## YOUR TASK
Could you restate, exactly and with nothing added, the lines from the start of the data through the line that holds "Questa affascinante fotografia", leaving the pictures out?

---- RECORDS TO PROCESS

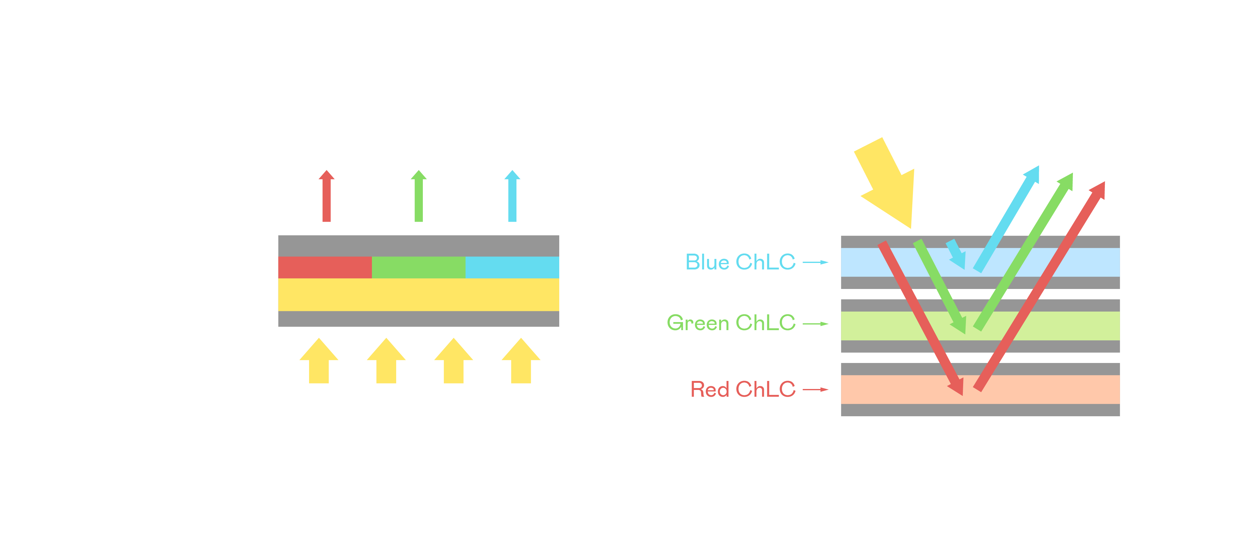 彩虹多多胆固醇液晶显示器是由红、绿、蓝三层胆固醇液晶面板堆叠而成,并采用无彩色滤光片设计,减少环境光在反射过程中的损耗。
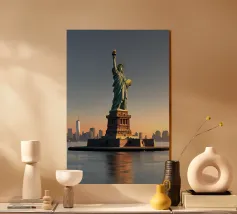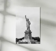 Questa affascinante fotografia in bianco e nero mostra l'iconica Statua della Libertà contro l'imponente skyline di Manhattan, simbolo di libertà e democrazia. Con un design elegante, l'opera d'arte combina l'estetica moderna con la bellezza senza tempo di questo famoso simbolo e aggiunge un tocco di raffinatezza a qualsiasi ambiente.
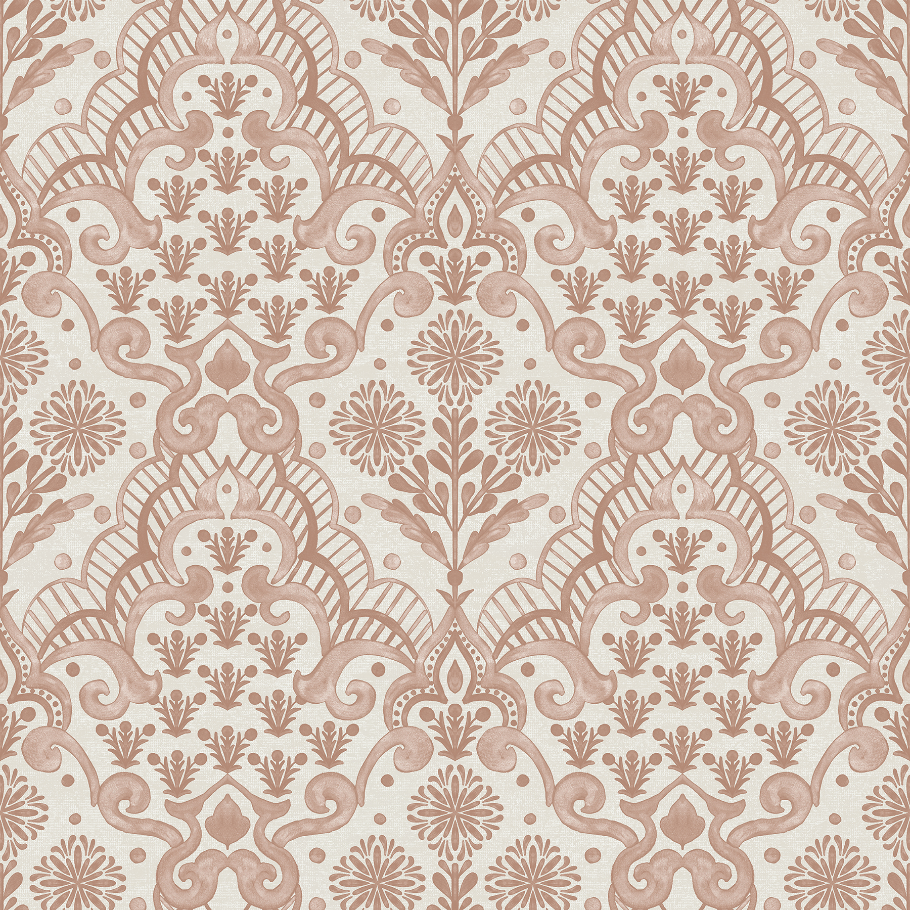 This damask bridges centuries of historic beauty. Inspired by a 19th-century print uncovered in a Brooklyn brownstone, this hand-drawn design features architectural forms with floral blooms, creating a look that is both elevated and versatile. Brownstone Blooms Clay Peel and Stick Wallpaper comes on one roll that measures 20.5 inches wide by 18 feet long.
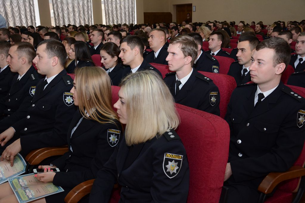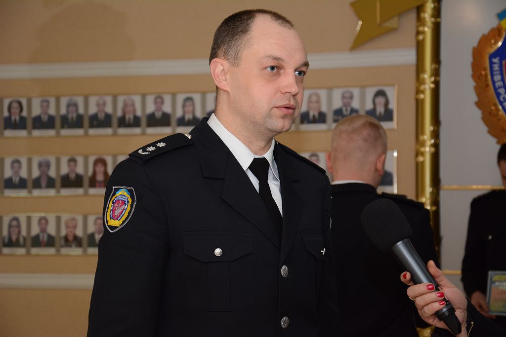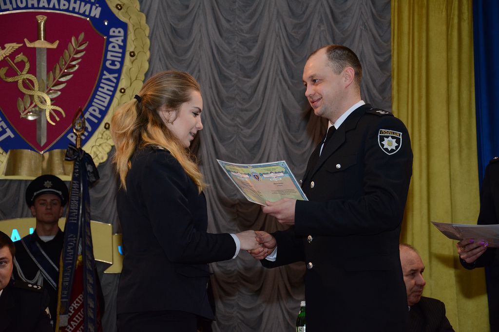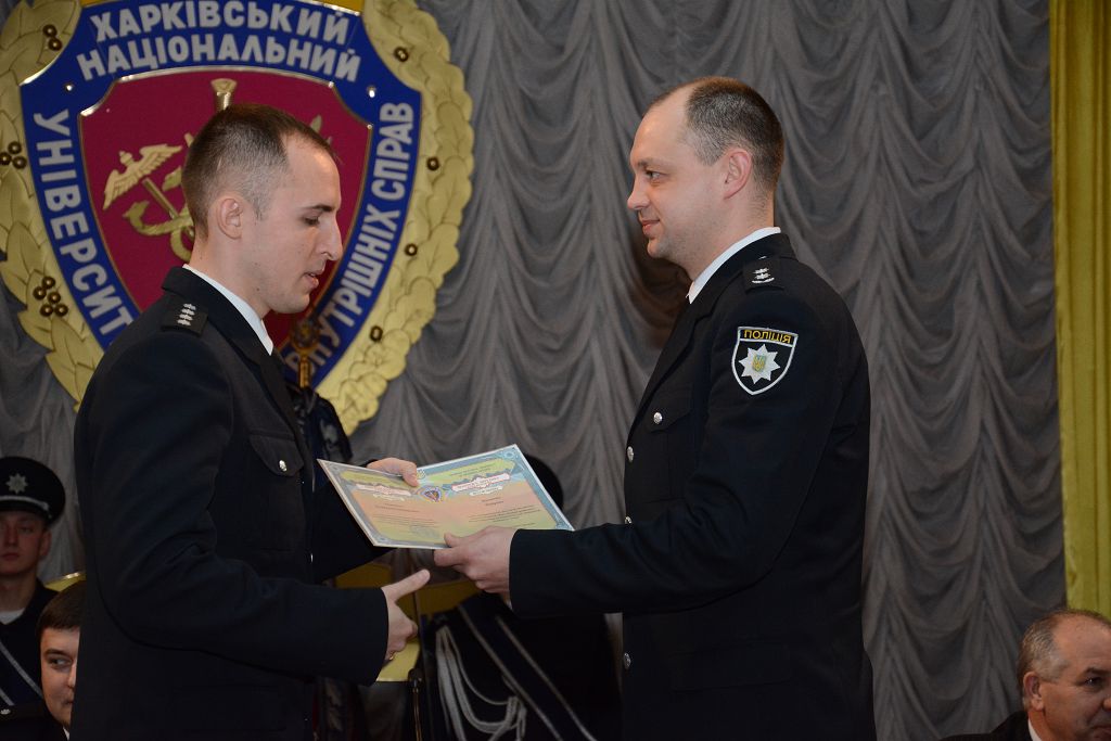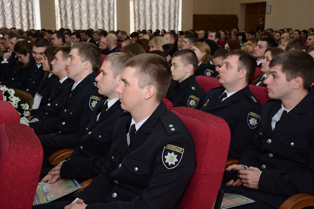 З визначною подією у житті привітав молодь та передав вітання від ректора університету генерала поліції третього рангу Валерія Сокуренка перший проректор підполковник поліції Дмитро Швець. Він зазначив, що юнаки і дівчата обрали непросту службу – боротися зі злочинністю, захищати права і свободи громадян. Вона шляхетна і вкрай необхідна суспільству. «Будьте чесними, гуманними, справедливими, уважними до людей! Завжди пам’ятайте, що людські якості працівника поліції є не менш важливими, ніж професійні! Ваш особистий приклад та компетентність формуватимуть повагу до закону та зміцнюватимуть віру громадян у справедливість», – наголосив Дмитро Володимирович. Він особисто вручив дипломи юнакам і дівчатам, які закінчили університет із відзнакою і зазначив, що у навчальному закладі завжди раді бачити своїх випускників.
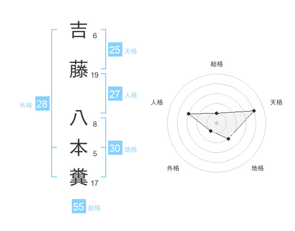 吉藤 八本糞さんの天格は25画の4点!
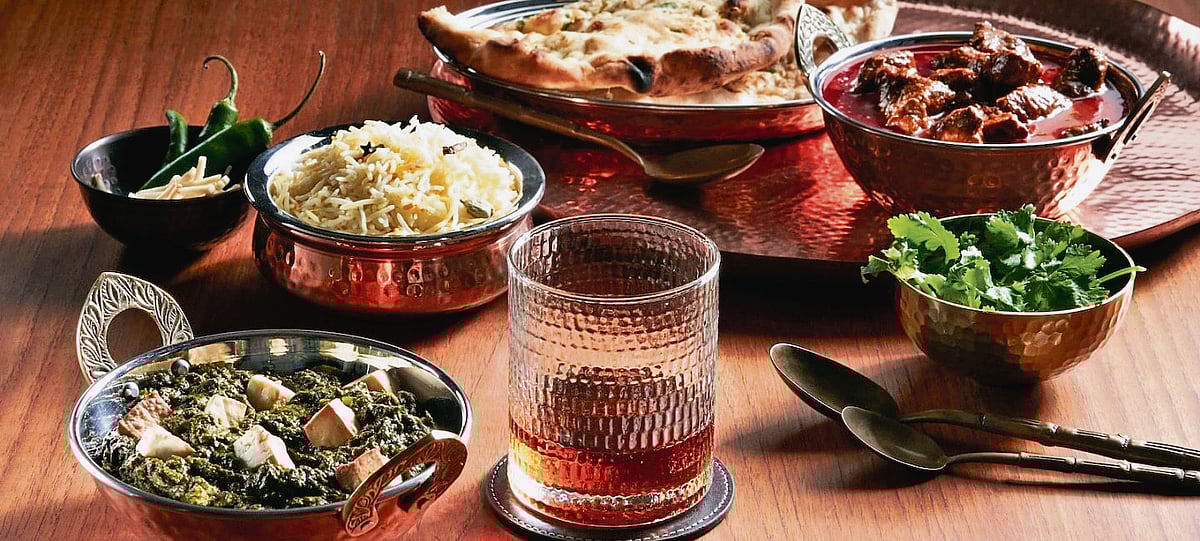 • Methi dana risotto with saffron butter—earthy fenugreek softened by floral saffron; whisky spices complement
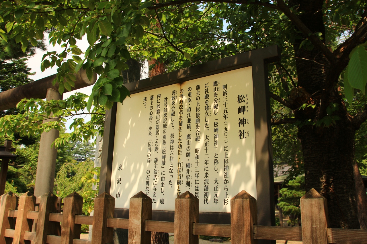 こちらは地図から見ると、上杉神社の中にある一番有名な像のようですが、このほかにも、松が岬神社の横の公園内に一体、上杉伯爵邸の庭にも一体と、自分が簡単に回った中でも3体の銅像を見かけました。ということで、多分ほかにもあるでしょうから、市内を探し回ってみるのも面白いかもしれません。
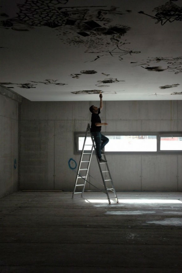 الفنان الفرنسي أوليفر كوستا “Oliver Kosta” يلعب حرفياً وباستمرار بالنار، مستخدماً بذلك أخف الطرق والأكثر غرابة لرسم التصاميم وذلك بحرق الأسقف باستخدام ولاعة السجائر :

--------

## ANSWER TO THE EXERCISE
 彩虹多多胆固醇液晶显示器是由红、绿、蓝三层胆固醇液晶面板堆叠而成,并采用无彩色滤光片设计,减少环境光在反射过程中的损耗。
 Questa affascinante fotografia in bianco e nero mostra l'iconica Statua della Libertà contro l'imponente skyline di Manhattan, simbolo di libertà e democrazia. Con un design elegante, l'opera d'arte combina l'estetica moderna con la bellezza senza tempo di questo famoso simbolo e aggiunge un tocco di raffinatezza a qualsiasi ambiente.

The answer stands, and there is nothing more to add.